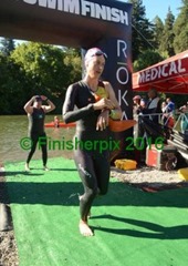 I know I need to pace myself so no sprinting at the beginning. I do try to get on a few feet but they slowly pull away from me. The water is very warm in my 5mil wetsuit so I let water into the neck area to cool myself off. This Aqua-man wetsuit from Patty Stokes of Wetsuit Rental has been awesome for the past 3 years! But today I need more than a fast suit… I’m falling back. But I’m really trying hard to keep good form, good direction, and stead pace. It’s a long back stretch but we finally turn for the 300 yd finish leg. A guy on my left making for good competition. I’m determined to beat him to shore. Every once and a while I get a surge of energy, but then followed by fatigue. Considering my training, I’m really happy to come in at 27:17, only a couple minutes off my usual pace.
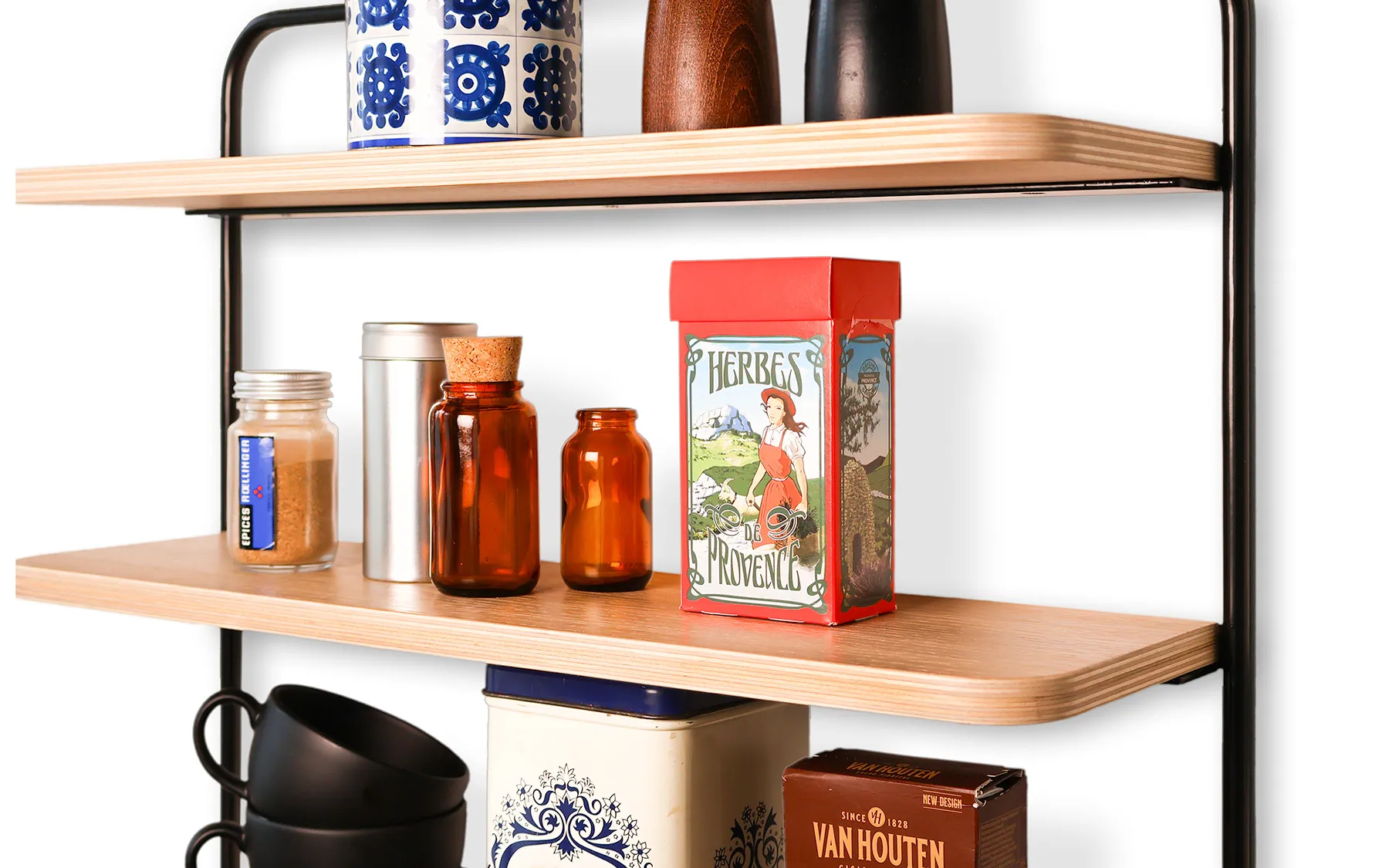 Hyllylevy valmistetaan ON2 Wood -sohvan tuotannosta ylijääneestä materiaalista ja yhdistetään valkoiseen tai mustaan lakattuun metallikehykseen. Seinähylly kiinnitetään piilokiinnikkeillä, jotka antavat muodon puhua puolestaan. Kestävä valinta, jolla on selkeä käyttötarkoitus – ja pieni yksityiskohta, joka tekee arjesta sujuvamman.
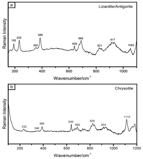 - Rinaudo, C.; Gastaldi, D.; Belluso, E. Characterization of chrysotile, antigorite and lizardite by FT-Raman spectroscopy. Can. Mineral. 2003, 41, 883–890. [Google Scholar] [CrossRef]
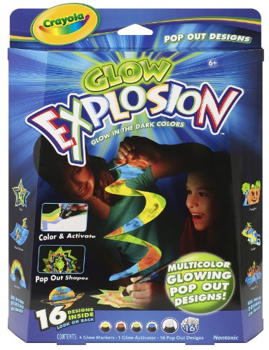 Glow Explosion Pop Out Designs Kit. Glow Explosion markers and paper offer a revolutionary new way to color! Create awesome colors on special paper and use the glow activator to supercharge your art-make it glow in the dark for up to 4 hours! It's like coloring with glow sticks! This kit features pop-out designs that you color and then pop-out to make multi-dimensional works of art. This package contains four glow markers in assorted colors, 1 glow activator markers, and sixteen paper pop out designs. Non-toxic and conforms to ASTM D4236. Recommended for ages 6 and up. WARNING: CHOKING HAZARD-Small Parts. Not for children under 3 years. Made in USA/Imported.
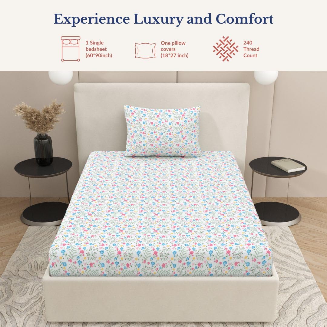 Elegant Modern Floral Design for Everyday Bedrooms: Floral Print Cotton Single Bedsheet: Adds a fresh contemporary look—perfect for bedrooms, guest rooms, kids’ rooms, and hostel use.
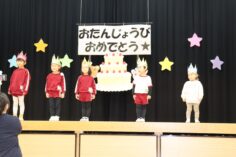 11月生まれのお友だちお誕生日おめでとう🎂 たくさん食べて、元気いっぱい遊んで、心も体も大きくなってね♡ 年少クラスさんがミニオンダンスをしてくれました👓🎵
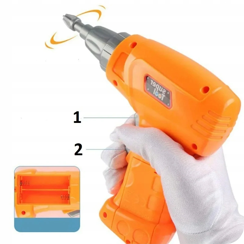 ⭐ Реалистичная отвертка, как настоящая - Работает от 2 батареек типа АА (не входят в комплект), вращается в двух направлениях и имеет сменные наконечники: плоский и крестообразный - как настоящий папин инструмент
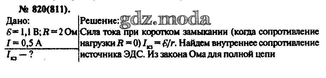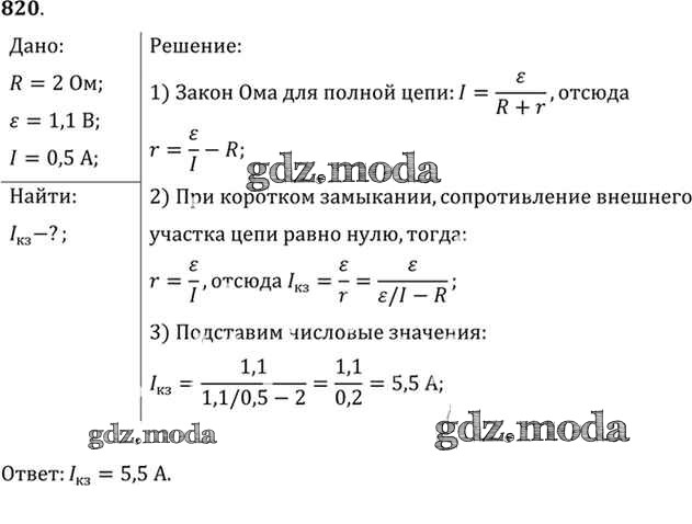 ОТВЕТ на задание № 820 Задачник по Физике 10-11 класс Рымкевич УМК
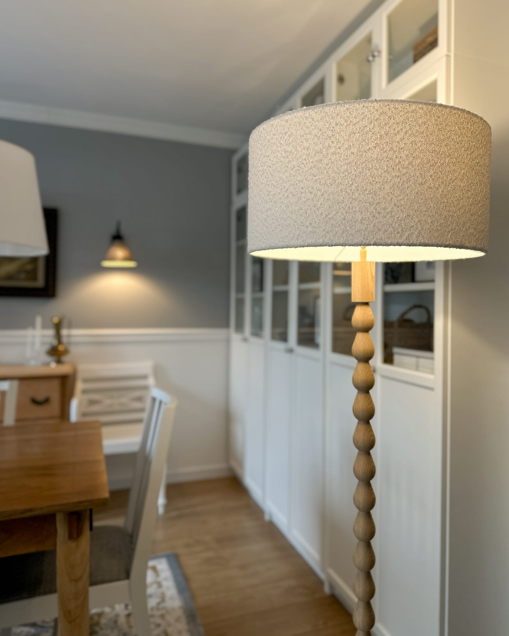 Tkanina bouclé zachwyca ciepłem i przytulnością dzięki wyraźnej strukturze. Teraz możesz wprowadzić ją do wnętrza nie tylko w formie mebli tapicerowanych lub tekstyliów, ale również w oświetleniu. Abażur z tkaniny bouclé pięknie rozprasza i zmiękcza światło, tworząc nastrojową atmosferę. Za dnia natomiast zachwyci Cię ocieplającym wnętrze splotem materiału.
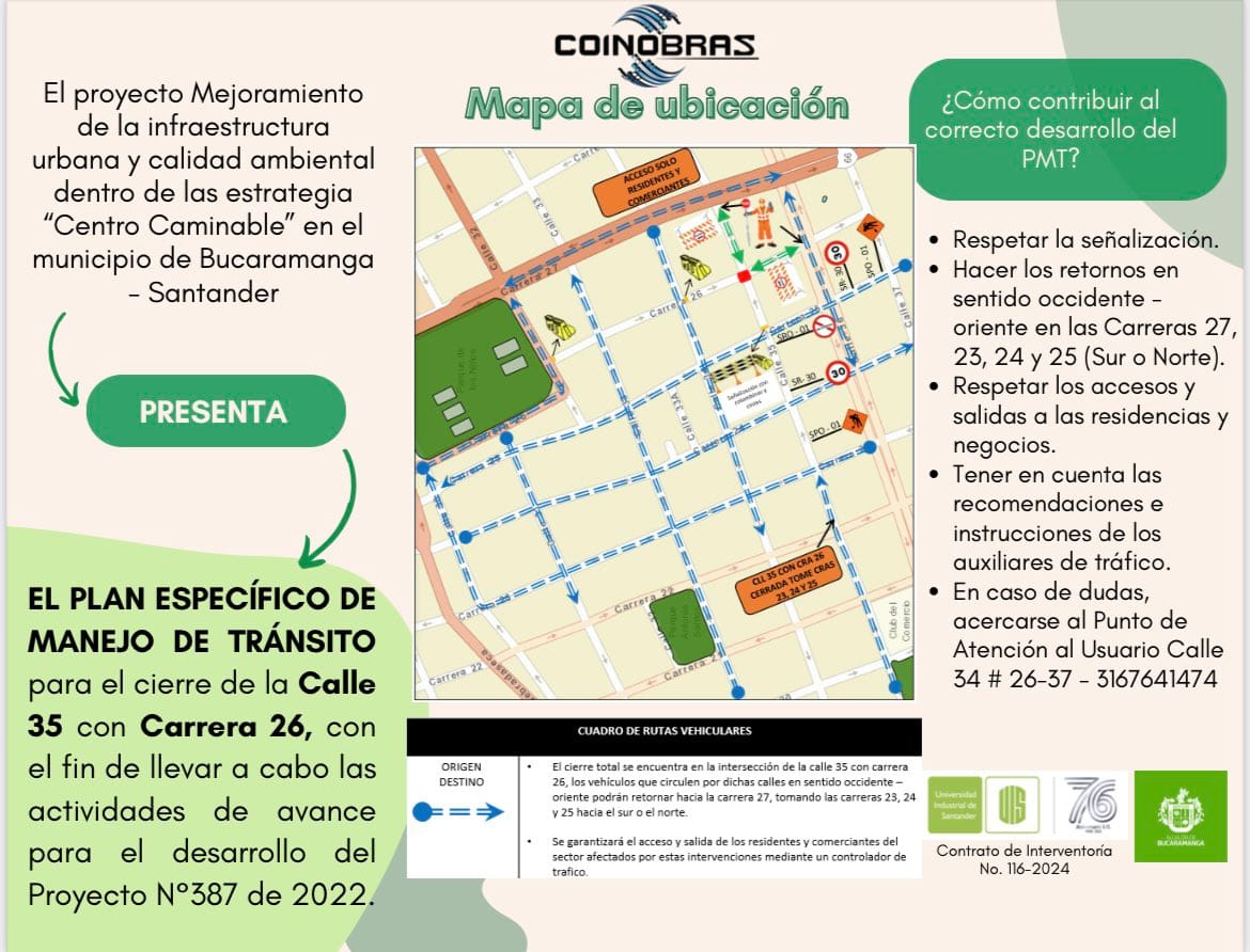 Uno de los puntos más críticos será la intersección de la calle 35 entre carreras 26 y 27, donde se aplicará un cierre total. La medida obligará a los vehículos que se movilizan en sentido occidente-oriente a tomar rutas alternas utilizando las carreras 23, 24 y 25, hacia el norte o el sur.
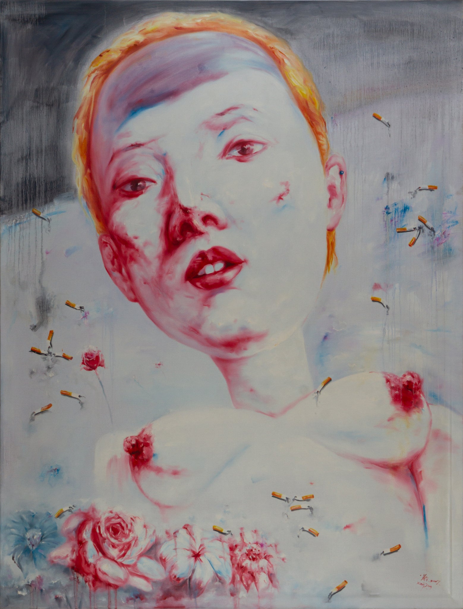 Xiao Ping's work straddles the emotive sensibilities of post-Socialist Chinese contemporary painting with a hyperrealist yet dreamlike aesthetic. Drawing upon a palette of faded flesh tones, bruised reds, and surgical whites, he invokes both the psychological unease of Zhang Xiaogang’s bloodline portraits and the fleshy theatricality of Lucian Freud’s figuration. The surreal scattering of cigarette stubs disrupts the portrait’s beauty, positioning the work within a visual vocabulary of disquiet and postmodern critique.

#####

WHAT IS REQUIRED »
Transcribe the complete set of entries verbatim. No pictures belong in the copy.

RESULT FOR THIS TASK »
 I know I need to pace myself so no sprinting at the beginning. I do try to get on a few feet but they slowly pull away from me. The water is very warm in my 5mil wetsuit so I let water into the neck area to cool myself off. This Aqua-man wetsuit from Patty Stokes of Wetsuit Rental has been awesome for the past 3 years! But today I need more than a fast suit… I’m falling back. But I’m really trying hard to keep good form, good direction, and stead pace. It’s a long back stretch but we finally turn for the 300 yd finish leg. A guy on my left making for good competition. I’m determined to beat him to shore. Every once and a while I get a surge of energy, but then followed by fatigue. Considering my training, I’m really happy to come in at 27:17, only a couple minutes off my usual pace.
 Hyllylevy valmistetaan ON2 Wood -sohvan tuotannosta ylijääneestä materiaalista ja yhdistetään valkoiseen tai mustaan lakattuun metallikehykseen. Seinähylly kiinnitetään piilokiinnikkeillä, jotka antavat muodon puhua puolestaan. Kestävä valinta, jolla on selkeä käyttötarkoitus – ja pieni yksityiskohta, joka tekee arjesta sujuvamman.
 - Rinaudo, C.; Gastaldi, D.; Belluso, E. Characterization of chrysotile, antigorite and lizardite by FT-Raman spectroscopy. Can. Mineral. 2003, 41, 883–890. [Google Scholar] [CrossRef]
 Glow Explosion Pop Out Designs Kit. Glow Explosion markers and paper offer a revolutionary new way to color! Create awesome colors on special paper and use the glow activator to supercharge your art-make it glow in the dark for up to 4 hours! It's like coloring with glow sticks! This kit features pop-out designs that you color and then pop-out to make multi-dimensional works of art. This package contains four glow markers in assorted colors, 1 glow activator markers, and sixteen paper pop out designs. Non-toxic and conforms to ASTM D4236. Recommended for ages 6 and up. WARNING: CHOKING HAZARD-Small Parts. Not for children under 3 years. Made in USA/Imported.
 Elegant Modern Floral Design for Everyday Bedrooms: Floral Print Cotton Single Bedsheet: Adds a fresh contemporary look—perfect for bedrooms, guest rooms, kids’ rooms, and hostel use.
 11月生まれのお友だちお誕生日おめでとう🎂 たくさん食べて、元気いっぱい遊んで、心も体も大きくなってね♡ 年少クラスさんがミニオンダンスをしてくれました👓🎵
 ⭐ Реалистичная отвертка, как настоящая - Работает от 2 батареек типа АА (не входят в комплект), вращается в двух направлениях и имеет сменные наконечники: плоский и крестообразный - как настоящий папин инструмент
 ОТВЕТ на задание № 820 Задачник по Физике 10-11 класс Рымкевич УМК
 Tkanina bouclé zachwyca ciepłem i przytulnością dzięki wyraźnej strukturze. Teraz możesz wprowadzić ją do wnętrza nie tylko w formie mebli tapicerowanych lub tekstyliów, ale również w oświetleniu. Abażur z tkaniny bouclé pięknie rozprasza i zmiękcza światło, tworząc nastrojową atmosferę. Za dnia natomiast zachwyci Cię ocieplającym wnętrze splotem materiału.
 Uno de los puntos más críticos será la intersección de la calle 35 entre carreras 26 y 27, donde se aplicará un cierre total. La medida obligará a los vehículos que se movilizan en sentido occidente-oriente a tomar rutas alternas utilizando las carreras 23, 24 y 25, hacia el norte o el sur.
 Xiao Ping's work straddles the emotive sensibilities of post-Socialist Chinese contemporary painting with a hyperrealist yet dreamlike aesthetic. Drawing upon a palette of faded flesh tones, bruised reds, and surgical whites, he invokes both the psychological unease of Zhang Xiaogang’s bloodline portraits and the fleshy theatricality of Lucian Freud’s figuration. The surreal scattering of cigarette stubs disrupts the portrait’s beauty, positioning the work within a visual vocabulary of disquiet and postmodern critique.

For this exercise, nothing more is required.